During the passage the fore and aft hatchways and the chain pipes appear to have been kept open on all possible occasions, and the master, who has had much experience in carrying coal cargoes, stated that, although he had no thermometer on board, he was in the habit of examining hatchways, chain pipes, and after ventilator frequently, with the object of seeing whether there was any symptom of the cargo heating. The crew, moreover, were in the constant habit of going below into the fore part of the between decks for stores and provisions, and thus had the opportunity of detecting any unusual heat.

Up to the 4th of April nothing of importance occurred; on that day the master, thinking the vessel to be too much by the stern, sent one watch into the hold to trim the coals. The men were at work for some four hours, but noticed no unusual heat, gas, or smoke.

On the 14th April, the weather being fine, the water smooth, wind from S.E., course S.W. 1/2 W., all plain sail set, the fore and after hatches off, ventilators open during the whole day, there was no manifestation of smoke, heat, or other cause of alarm.

At 8 p.m. the master and boatswain left the deck, and went to their cabins ..., the chief mate, who was not present at the inquiry, taking charge of the deck. About 9 p.m. the wind came from the N.E., and the sails were trimmed accordingly.

About 10.30 p.m. the look-out man on the forecastle saw a quantity of white smoke coming up the fore hatchway. He at once gave the alarm of fire, and the chief mate ordered the hatches to be put on, and called all hands. On being aroused, the master, boatswain, and steward, who slept in the cabin, found the cabin full of smoke, accompanied by a very offensive smell. As soon as the master reached the deck he ordered water to be poured down the chain pipes. In a very short time, however, smoke was seen issuing through the seams of the deck. No hope remained of saving the ship, and he ordered the boats to be got out, provisioned, and watered; rockets were sent up in the hope of attracting the notice of a vessel which had been spoken in the evening. These signals of distress were seen by the barque "Napier," of Quebec, who bore down to their assistance.
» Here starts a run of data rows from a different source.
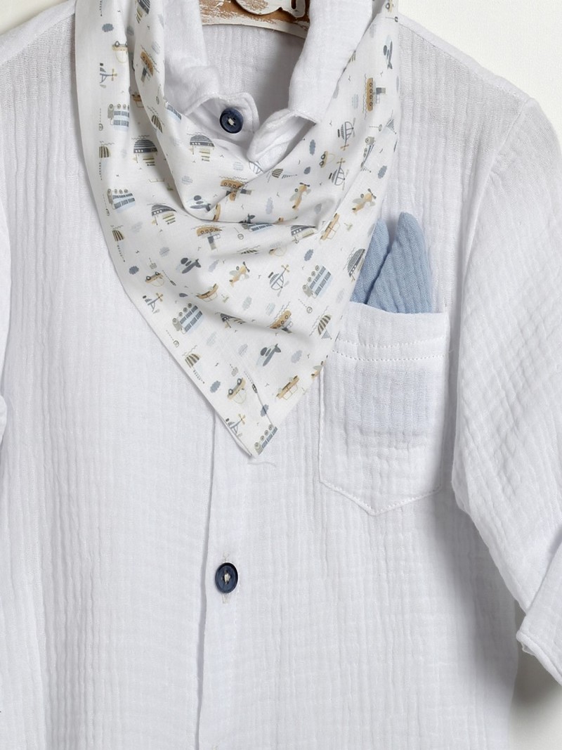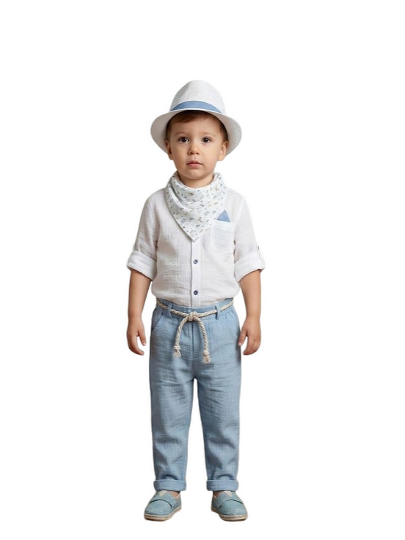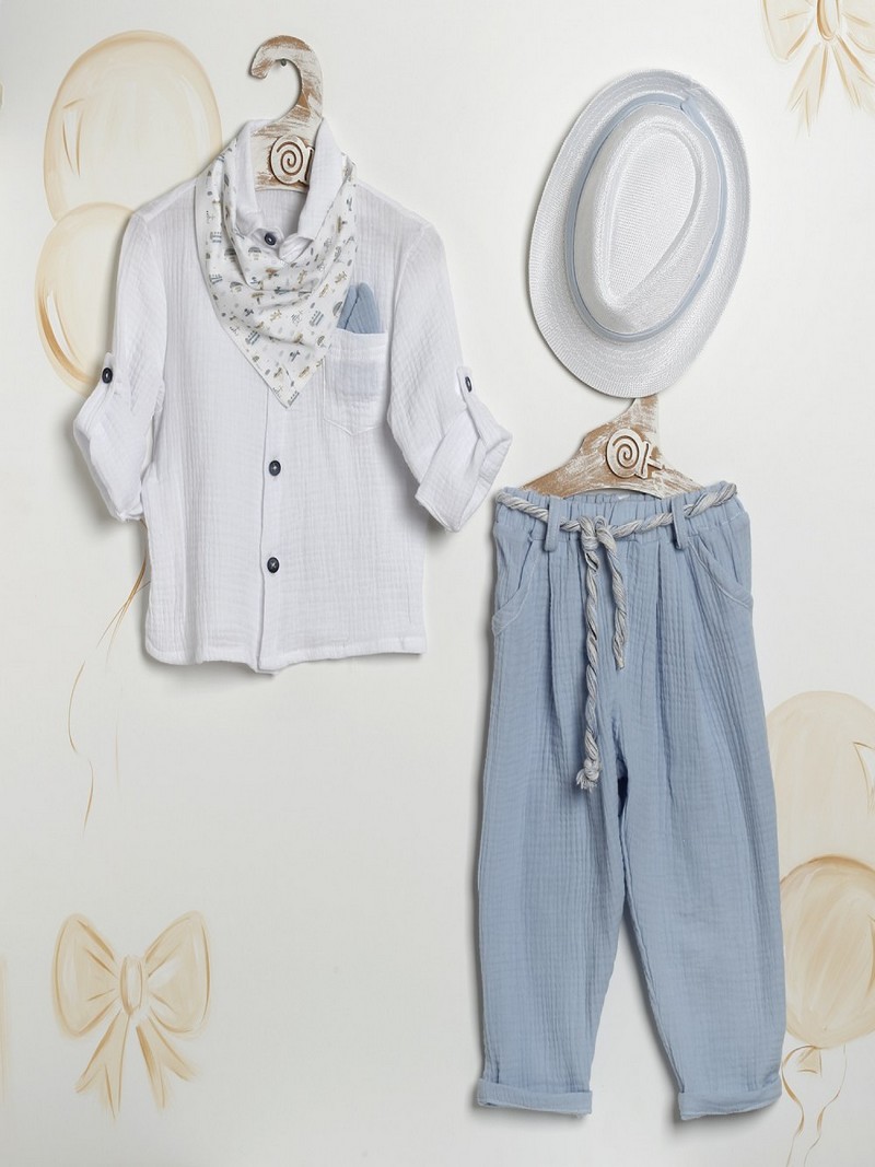 Βαπτιστικό κουστουμάκι οικονομικό σε μοντέρνες λευκές/γαλάζιες/σιέλ αποχρώσεις βαμβακερό 100% της Lollipop πλήρες σετ αποτελούμενο από άνετο παντελόνι σε απαλή γαλάζια/σιέλ απόχρωση με μοντέρνα ζώνη, βαμβακερό πουκάμισο διακοσμημένο με γαλάζιο μαντιλάκι, βαμβακερό φουλάρι διακοσμημένο με αεροπλάνα, καραβάκια και αυτοκινητάκια και ψάθινο καπελάκι στυλ καβουράκι.Το βαπτιστικό κουστουμάκι Lollipop περιλαμβάνει: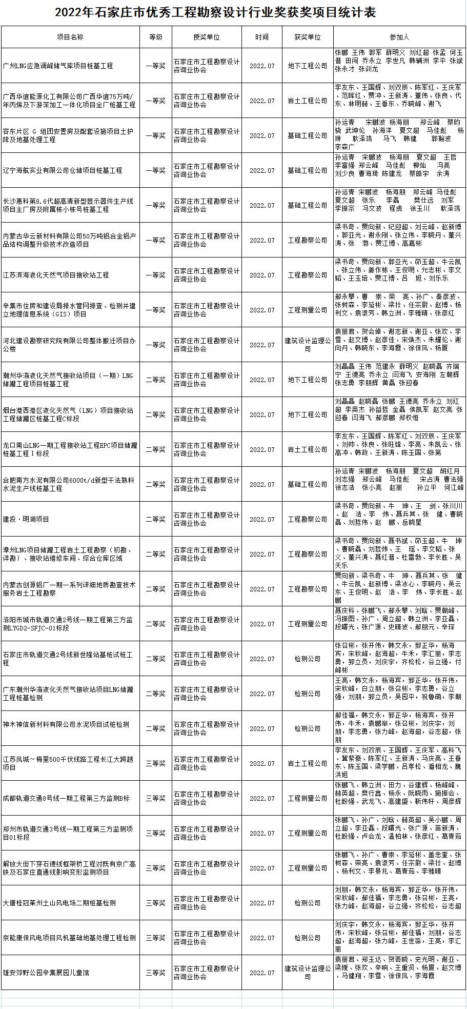 近日,石家庄市工程勘察设计咨询业协会下发文件《关于公布2022年度优秀工程勘察设计行业奖评选结果的通知》(石设协字[2022]7号),我公司被授予“创优先进单位”称号,公司申报的9个项目获评一等奖,11个项目获评二等奖,7个项目获评三等奖。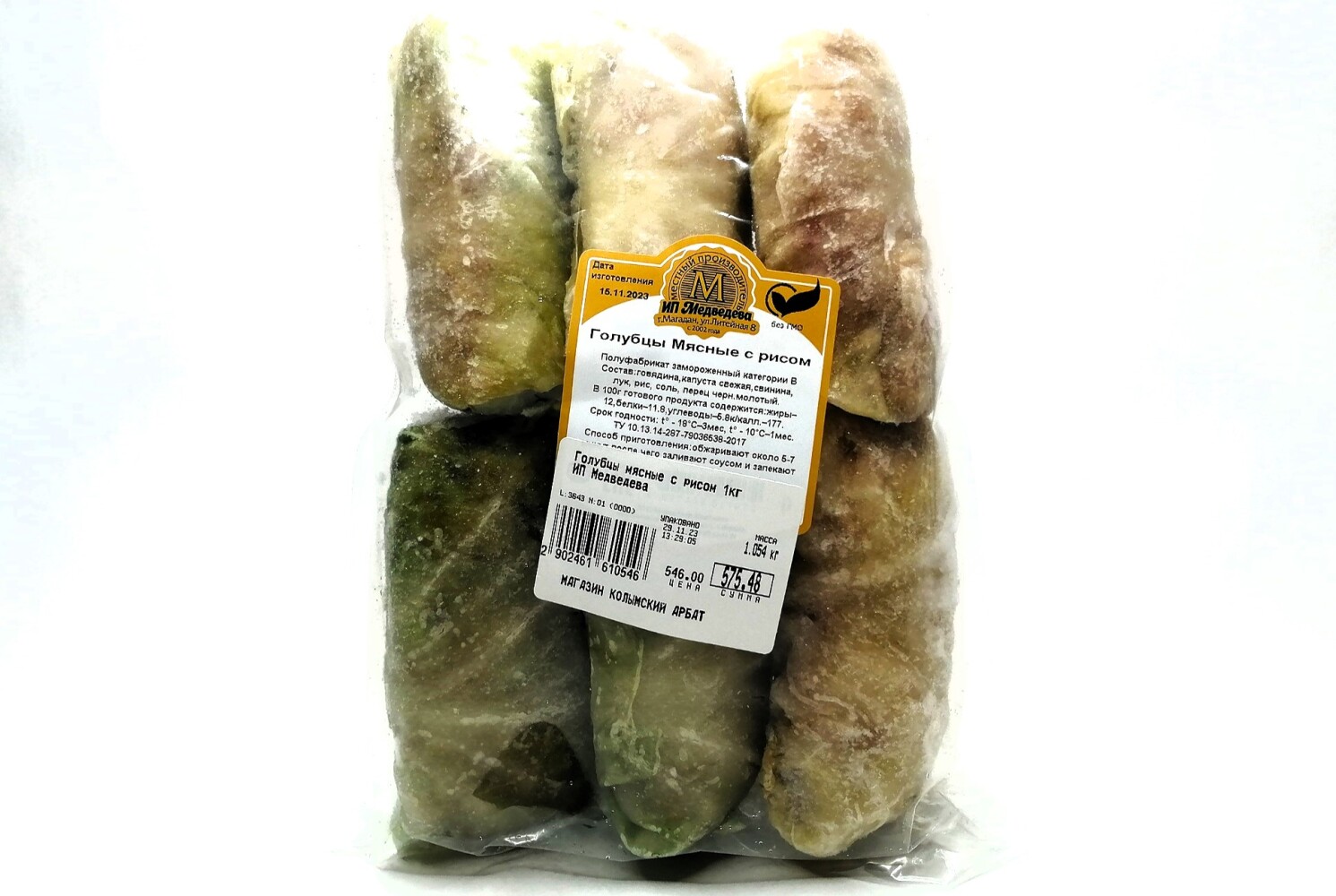 Голубцы мясные с рисом. Полуфабрикат замороженный категории В. Состав: говядина, капуста свежая, свинина, лук, рис, соль, перец черн. молотый. Пищевая ценность (средние значения) 100г продукта: белки - 11,8г, жиры - 12,0г, углеводы- 5,8г.

At 2 a.m. on the 15th the master and crew abandoned the burning ship, and were received on board the "Napier."

In some fifteen minutes after her crew had reached the "Napier," the "John Geddie" burst into one sheet of flame, and in a few minutes was burnt to the water's edge, her destruction taking some four or five hours from the first alarm.

James Kinney and his shipmates lived a dangerous life. Fortunately, he wasn't serving on the John Geddie when it became a floating inferno! But the possibility of disaster was ever-present on those wooden ships of earlier times. I think it helps us to appreciate our ancestors when learn something about their lives.